Third, while modern anti-Semitism has so often featured inexcusable “Christian” majority populations complicit in the oppression and slaughter of Jews (for being Jews), the demographics in the first century were completely reversed. Large Jewish populations lived across the Mediterranean and the Middle East, among whom were the smaller and more vulnerable Jewish Christian sect. Religious persecution is ugly regardless of who is perpetrating it, so we should never seek to silence the lament of those who endure it, or how they try to make sense of it, whether the victims are early Jewish Christians by anti-Christian Jews or non-Christian Jews by Gentile Christians thereafter. To regard their resistance to persecution as anti-Semitic is a [literally] brutal anachronism. St. Paul, for example, was a repentant persecutor, not a self-hating Jew.
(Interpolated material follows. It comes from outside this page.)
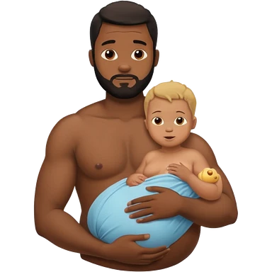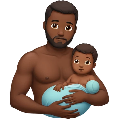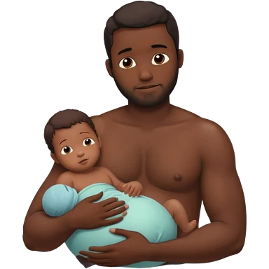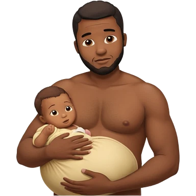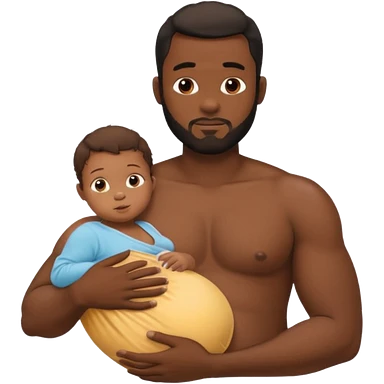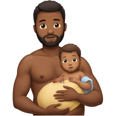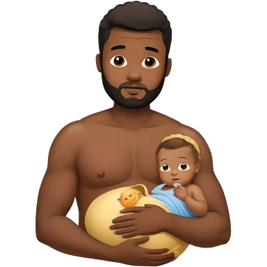 A shirtless pregnant burly black man breastfeeding his baby emoji

The Seeds of Anti-Semitism

Fourth, the language of the Fathers mainly reflects this backstory of hostility and persecution as it extends over the following centuries. Eventually, the synagogue Jews did succeed in driving out all the Christian Jews so that Christianity became increasingly cut off from ethnic Judaism and as it spread, eventually became a majority Gentile movement. They became two distinct and hostile faiths for the most part. Judaism’s hostility to Christianity was no longer an inter-Jewish conflict and the Jewish rabbis came to adopt a generally anti-Christian stance and visa versa. The movements become altogether divorced and a general enmity set in between them. And that’s where we begin to see the real seeds of anti-Semitism where Christians began to generalize the unrighteous acts of the Judaoi with general prejudice toward ethnic Jews generally.

This is bad news for the Jews once Christianity is adopted by the Holy Roman Empire. As we get into later centuries, the power of rhetoric to incite violence against Jews (I think of Cyril of Alexandria in the 5th century) would be amplified into direct and obvious anti-Semitism (as we see much later in Martin Luther) and ultimately German Christianity’s acquiescence to and participation in Holocaust.

Beyond Anachronisms

But I would not read that escalation anachronistically, as if all the early Fathers were ant-Semitic in the modern sense. I would not negate the great revelations of theologians in that era because some of them had left the Jesus Way of love and forgiveness toward their enemies. I would not excuse any unChristlike hatred or violence towards Jews by the early church as simply being “men of their age.” Jesus Christ and the apostle Paul were men of their age and they both forbade hatred, violence and retaliation, even of their murderers. But nor would most of the great Fathers. Rather, many of them suffered torture and martyrdom with grace and have earned their right to be heard to this day.